Only the lines of the listing below that run from the line with "Mais sous le" through the line with "レストランで食べる鴨のローストと山盛りのフライドポテト" are to be set down, word for word. Pictures stay out.

▶ Dataset
○ ○ ○

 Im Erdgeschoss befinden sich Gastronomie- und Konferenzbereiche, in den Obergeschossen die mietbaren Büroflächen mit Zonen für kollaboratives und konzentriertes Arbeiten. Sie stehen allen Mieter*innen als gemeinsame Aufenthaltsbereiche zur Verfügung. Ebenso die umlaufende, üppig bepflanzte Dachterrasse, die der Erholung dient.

○ ○ ○

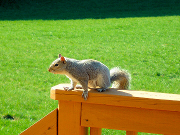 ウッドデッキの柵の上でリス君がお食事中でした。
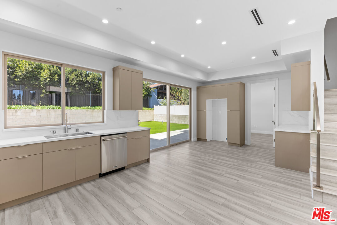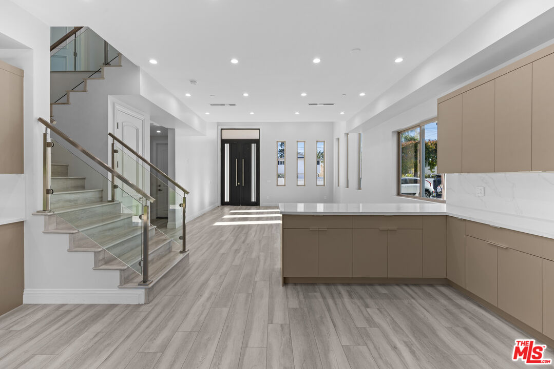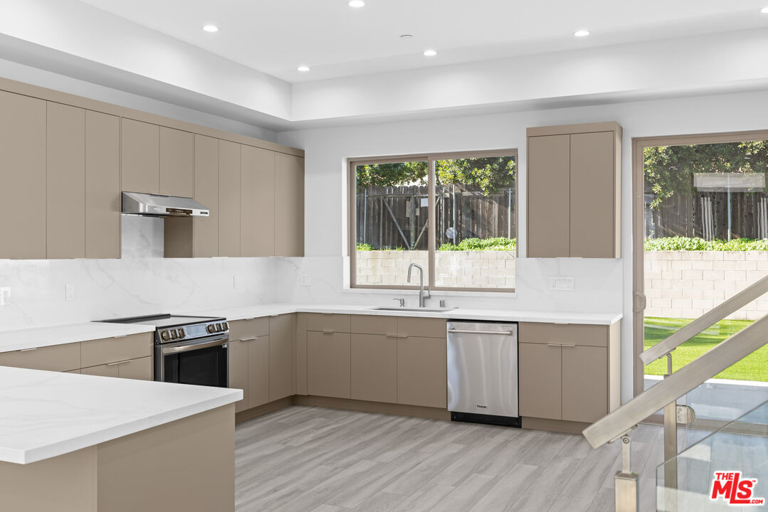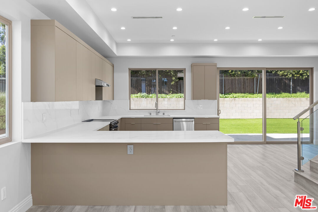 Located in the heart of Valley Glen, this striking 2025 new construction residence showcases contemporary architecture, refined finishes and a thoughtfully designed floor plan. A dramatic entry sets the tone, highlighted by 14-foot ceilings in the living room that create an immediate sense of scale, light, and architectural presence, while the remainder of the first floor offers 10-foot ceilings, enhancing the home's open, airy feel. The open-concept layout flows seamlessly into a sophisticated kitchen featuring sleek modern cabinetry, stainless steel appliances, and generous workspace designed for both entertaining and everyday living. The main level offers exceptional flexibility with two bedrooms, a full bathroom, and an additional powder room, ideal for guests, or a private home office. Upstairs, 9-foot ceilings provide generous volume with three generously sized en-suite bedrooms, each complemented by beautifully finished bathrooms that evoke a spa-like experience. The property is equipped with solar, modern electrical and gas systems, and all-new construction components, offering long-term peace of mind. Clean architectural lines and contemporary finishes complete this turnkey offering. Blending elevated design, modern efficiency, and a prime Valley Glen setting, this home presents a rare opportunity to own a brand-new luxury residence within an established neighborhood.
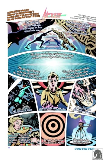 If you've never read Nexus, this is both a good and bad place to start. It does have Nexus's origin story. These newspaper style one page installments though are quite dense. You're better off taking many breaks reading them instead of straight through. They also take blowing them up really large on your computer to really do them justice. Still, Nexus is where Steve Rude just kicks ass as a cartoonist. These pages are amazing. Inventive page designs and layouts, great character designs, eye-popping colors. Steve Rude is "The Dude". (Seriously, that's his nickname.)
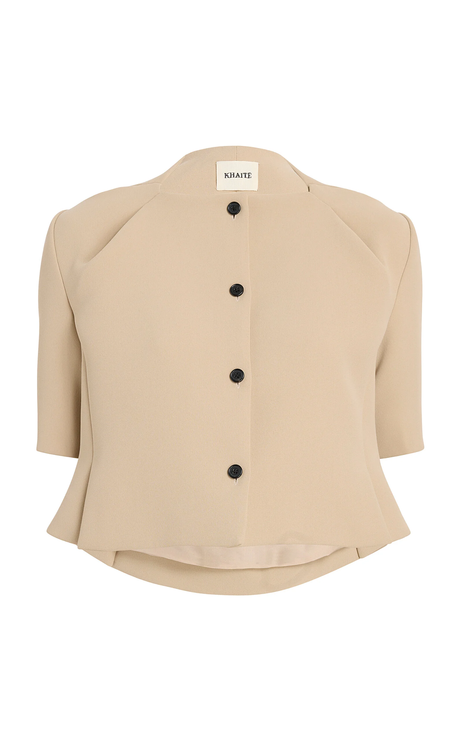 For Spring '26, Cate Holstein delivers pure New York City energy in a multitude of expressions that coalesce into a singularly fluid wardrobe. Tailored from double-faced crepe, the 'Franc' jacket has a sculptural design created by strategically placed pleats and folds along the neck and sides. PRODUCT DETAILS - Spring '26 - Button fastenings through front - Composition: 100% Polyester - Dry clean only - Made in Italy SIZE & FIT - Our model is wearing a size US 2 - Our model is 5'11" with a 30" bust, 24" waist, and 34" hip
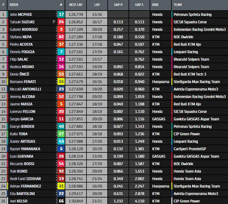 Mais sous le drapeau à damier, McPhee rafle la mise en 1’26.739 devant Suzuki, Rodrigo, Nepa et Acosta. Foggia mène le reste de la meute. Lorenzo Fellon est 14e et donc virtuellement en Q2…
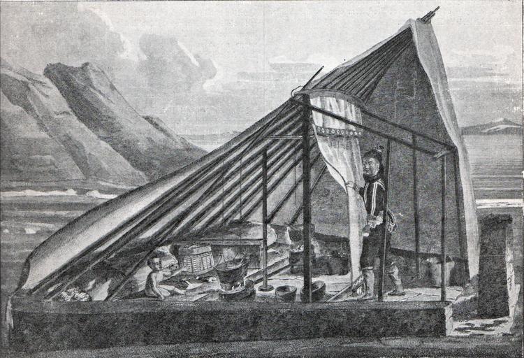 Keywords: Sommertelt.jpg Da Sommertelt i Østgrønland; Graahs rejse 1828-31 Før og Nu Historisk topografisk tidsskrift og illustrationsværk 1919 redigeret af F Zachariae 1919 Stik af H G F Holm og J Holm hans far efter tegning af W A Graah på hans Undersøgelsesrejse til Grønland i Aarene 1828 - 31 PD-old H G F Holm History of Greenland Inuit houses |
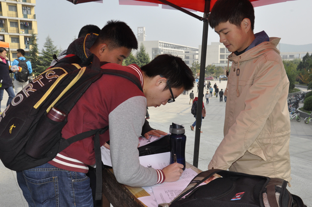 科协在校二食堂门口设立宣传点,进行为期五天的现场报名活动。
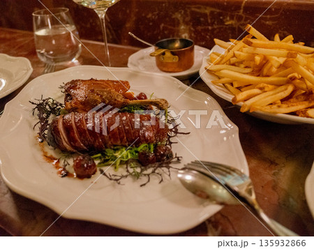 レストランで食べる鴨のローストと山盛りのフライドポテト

○ ○ ○

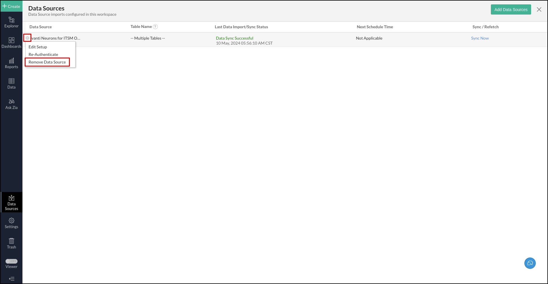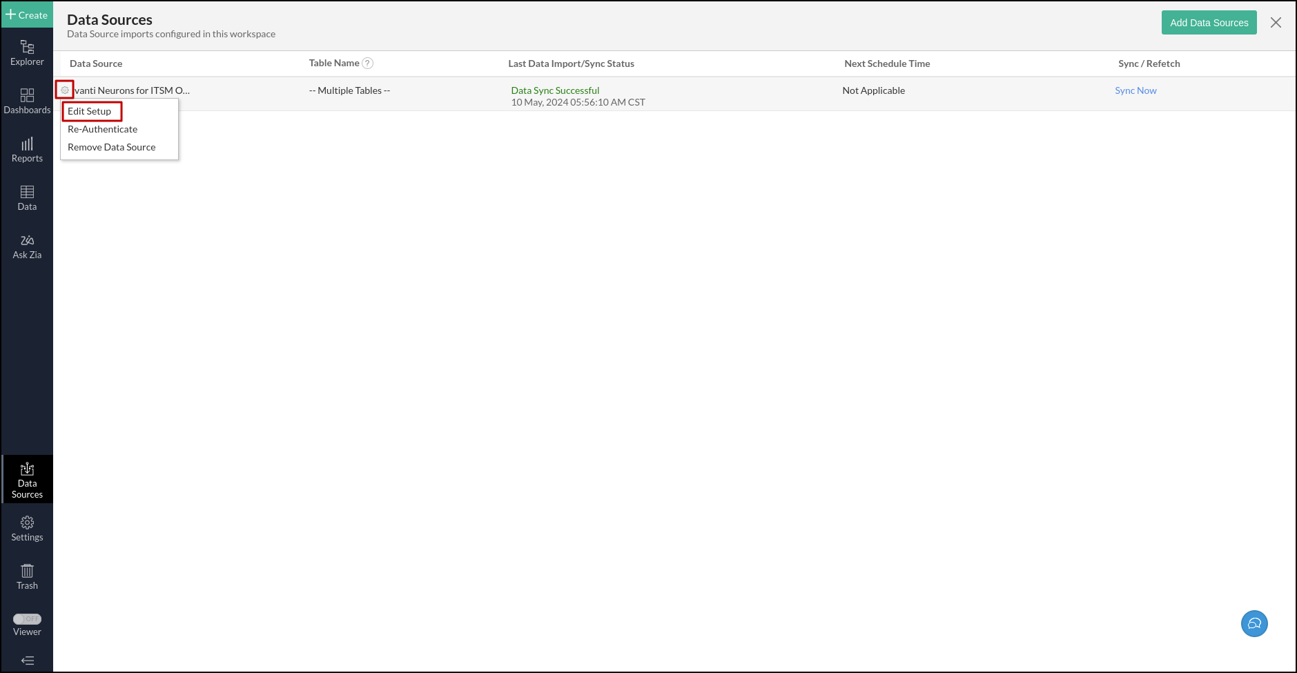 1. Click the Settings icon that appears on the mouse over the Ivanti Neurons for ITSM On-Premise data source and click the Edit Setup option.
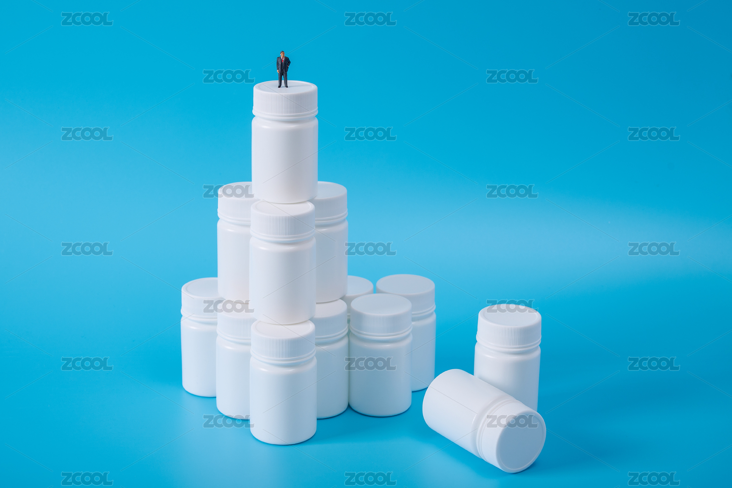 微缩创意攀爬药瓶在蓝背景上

○ ○ ○

▶ Exercise answer
 Mais sous le drapeau à damier, McPhee rafle la mise en 1’26.739 devant Suzuki, Rodrigo, Nepa et Acosta. Foggia mène le reste de la meute. Lorenzo Fellon est 14e et donc virtuellement en Q2…
 Keywords: Sommertelt.jpg Da Sommertelt i Østgrønland; Graahs rejse 1828-31 Før og Nu Historisk topografisk tidsskrift og illustrationsværk 1919 redigeret af F Zachariae 1919 Stik af H G F Holm og J Holm hans far efter tegning af W A Graah på hans Undersøgelsesrejse til Grønland i Aarene 1828 - 31 PD-old H G F Holm History of Greenland Inuit houses |
 科协在校二食堂门口设立宣传点,进行为期五天的现场报名活动。
 レストランで食べる鴨のローストと山盛りのフライドポテト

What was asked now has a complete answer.